Dataset records

- - -

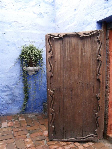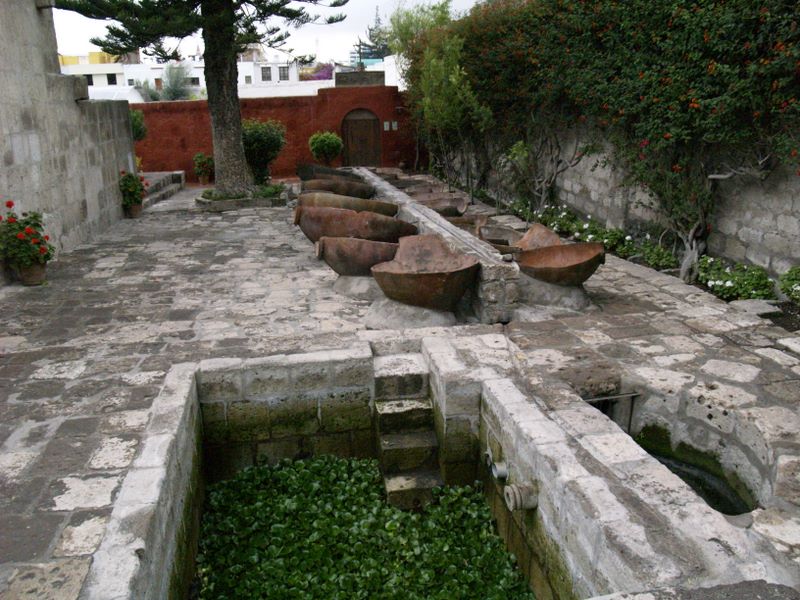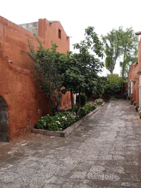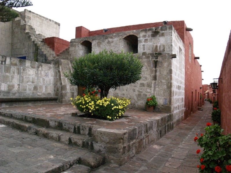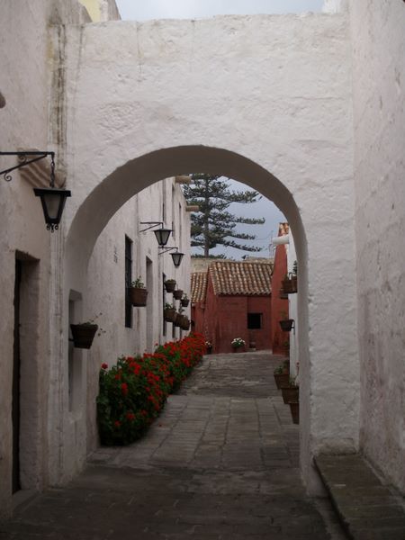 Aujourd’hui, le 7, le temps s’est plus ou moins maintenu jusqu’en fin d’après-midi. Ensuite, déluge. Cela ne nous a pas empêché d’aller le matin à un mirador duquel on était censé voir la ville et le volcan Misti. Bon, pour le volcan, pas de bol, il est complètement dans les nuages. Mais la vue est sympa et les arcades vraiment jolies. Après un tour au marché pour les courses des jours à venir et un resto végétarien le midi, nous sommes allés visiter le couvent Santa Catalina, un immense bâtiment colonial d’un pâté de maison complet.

- - -

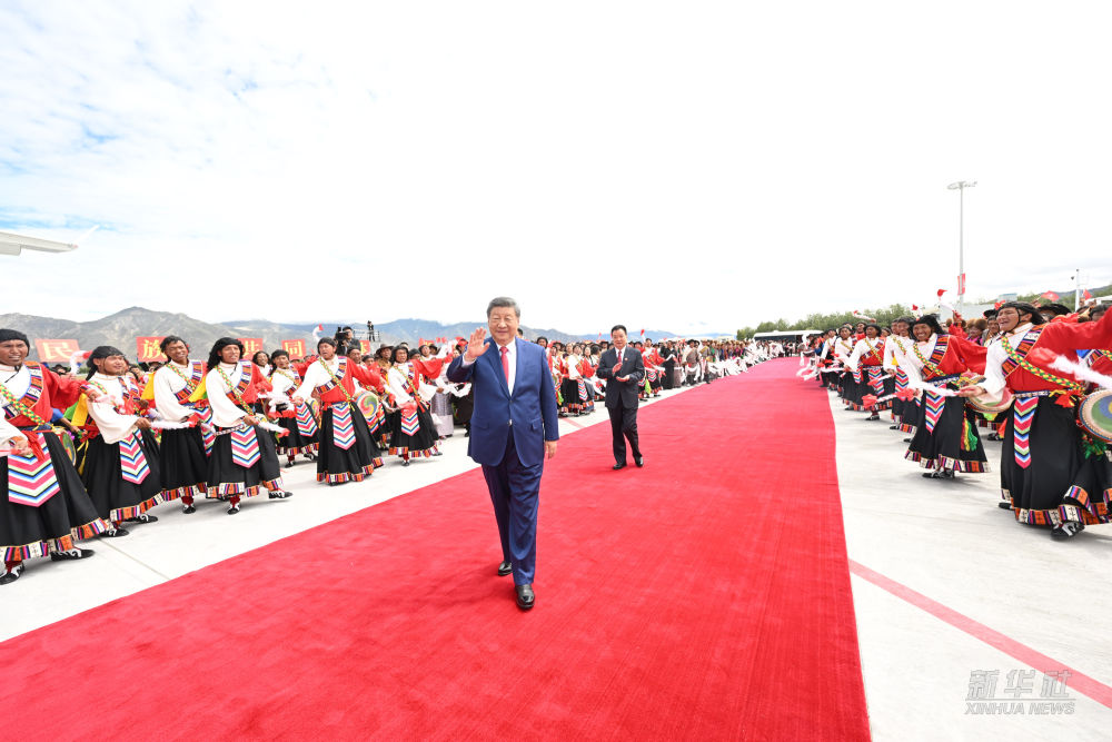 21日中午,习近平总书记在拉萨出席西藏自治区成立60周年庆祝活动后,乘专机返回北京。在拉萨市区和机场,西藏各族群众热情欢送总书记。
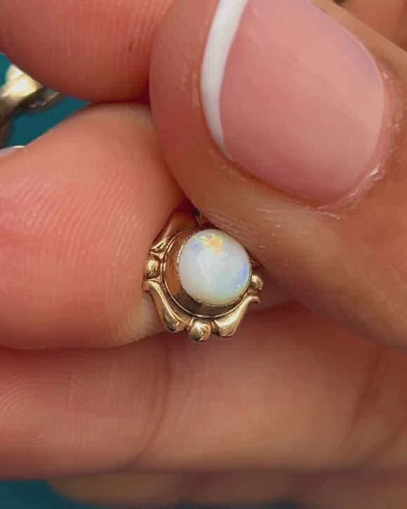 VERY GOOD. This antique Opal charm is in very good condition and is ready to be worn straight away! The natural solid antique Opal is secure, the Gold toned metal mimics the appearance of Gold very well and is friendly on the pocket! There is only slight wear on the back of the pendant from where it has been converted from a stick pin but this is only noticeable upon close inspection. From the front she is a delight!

- - -

Work instructions
In the listing above, find the line with "21日中午,习近平总书记在拉" and the line with "VERY GOOD. This". Copy exactly those two and every line between, without the pictures.

Answer for this exercise
 21日中午,习近平总书记在拉萨出席西藏自治区成立60周年庆祝活动后,乘专机返回北京。在拉萨市区和机场,西藏各族群众热情欢送总书记。
 VERY GOOD. This antique Opal charm is in very good condition and is ready to be worn straight away! The natural solid antique Opal is secure, the Gold toned metal mimics the appearance of Gold very well and is friendly on the pocket! There is only slight wear on the back of the pendant from where it has been converted from a stick pin but this is only noticeable upon close inspection. From the front she is a delight!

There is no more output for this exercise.